Two. There is more food in cities than in forest. What must be hunted in the forest lies in plain sight in the cities. All you have to do is eat. For most city dwellers hunger is something they only know about from storybooks.
Three. Nesting space in nooks and crannies is easily found in unbelievable profusion. Predators, except for cats, are nearly nonexistent. None of that Medieval nonsense about, "Four and twenty Blackbirds baked in a pie". Whew! Thank you, Perdue Farms.
So, there it is: More light, more breeding; More food; Fewer predators.
Many smart birds other than Blackbirds have gotten the message. There are now more birds in cities than in forests. There are more mammals, too. Deer, squirrel, chipmunk, raccoon, opossum, skunk, and others unnoticed, are suburbanites.

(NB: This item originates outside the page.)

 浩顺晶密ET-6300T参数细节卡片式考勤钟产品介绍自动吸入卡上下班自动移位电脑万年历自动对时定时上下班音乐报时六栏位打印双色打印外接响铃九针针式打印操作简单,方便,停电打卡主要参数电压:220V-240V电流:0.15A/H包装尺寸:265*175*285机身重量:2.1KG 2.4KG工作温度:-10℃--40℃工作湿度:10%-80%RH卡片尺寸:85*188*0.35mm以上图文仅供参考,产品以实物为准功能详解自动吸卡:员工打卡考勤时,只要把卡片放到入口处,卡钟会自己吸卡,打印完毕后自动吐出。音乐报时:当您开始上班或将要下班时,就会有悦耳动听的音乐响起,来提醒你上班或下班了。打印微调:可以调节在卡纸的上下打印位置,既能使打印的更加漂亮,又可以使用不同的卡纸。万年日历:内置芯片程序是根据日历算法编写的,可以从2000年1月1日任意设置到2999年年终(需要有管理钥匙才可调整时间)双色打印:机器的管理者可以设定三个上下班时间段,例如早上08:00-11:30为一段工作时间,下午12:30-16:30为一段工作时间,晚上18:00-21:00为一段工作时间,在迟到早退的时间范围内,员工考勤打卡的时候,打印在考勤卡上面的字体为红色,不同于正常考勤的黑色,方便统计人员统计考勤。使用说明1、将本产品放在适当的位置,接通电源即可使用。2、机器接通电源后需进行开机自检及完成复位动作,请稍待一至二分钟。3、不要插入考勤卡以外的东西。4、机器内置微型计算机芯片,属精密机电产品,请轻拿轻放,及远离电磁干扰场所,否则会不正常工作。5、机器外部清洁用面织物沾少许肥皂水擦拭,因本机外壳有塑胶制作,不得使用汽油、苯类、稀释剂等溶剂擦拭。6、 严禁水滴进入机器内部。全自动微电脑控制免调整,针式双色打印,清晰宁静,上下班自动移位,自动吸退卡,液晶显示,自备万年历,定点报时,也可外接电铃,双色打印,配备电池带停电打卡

A few country cousins still live in the forest - for now.
Humans, too have been beguiled by the bright lights.
In the years following WWII great masses of Americans left the farm to move to the city; many of my own family among them. Much like the blackbirds, they went in search of more.
In their case it wasn't for food, but for salaries.
Their move seems to me foolish. What they gained
in money they lost in personal freedom. They were once masters of their own land. Now they're wage-slaves onto perpetuity.
They might have started a business. It would have changed nothing. Businesses depend on customers as much as salarymen depend on employers.
My Grandparents depended on no one but themselves. The few items they occasionally bought were for the sake of convenience, or novelty. Needs were supplied by their own hand.
Opinion will vary on this. I'll stick to my own.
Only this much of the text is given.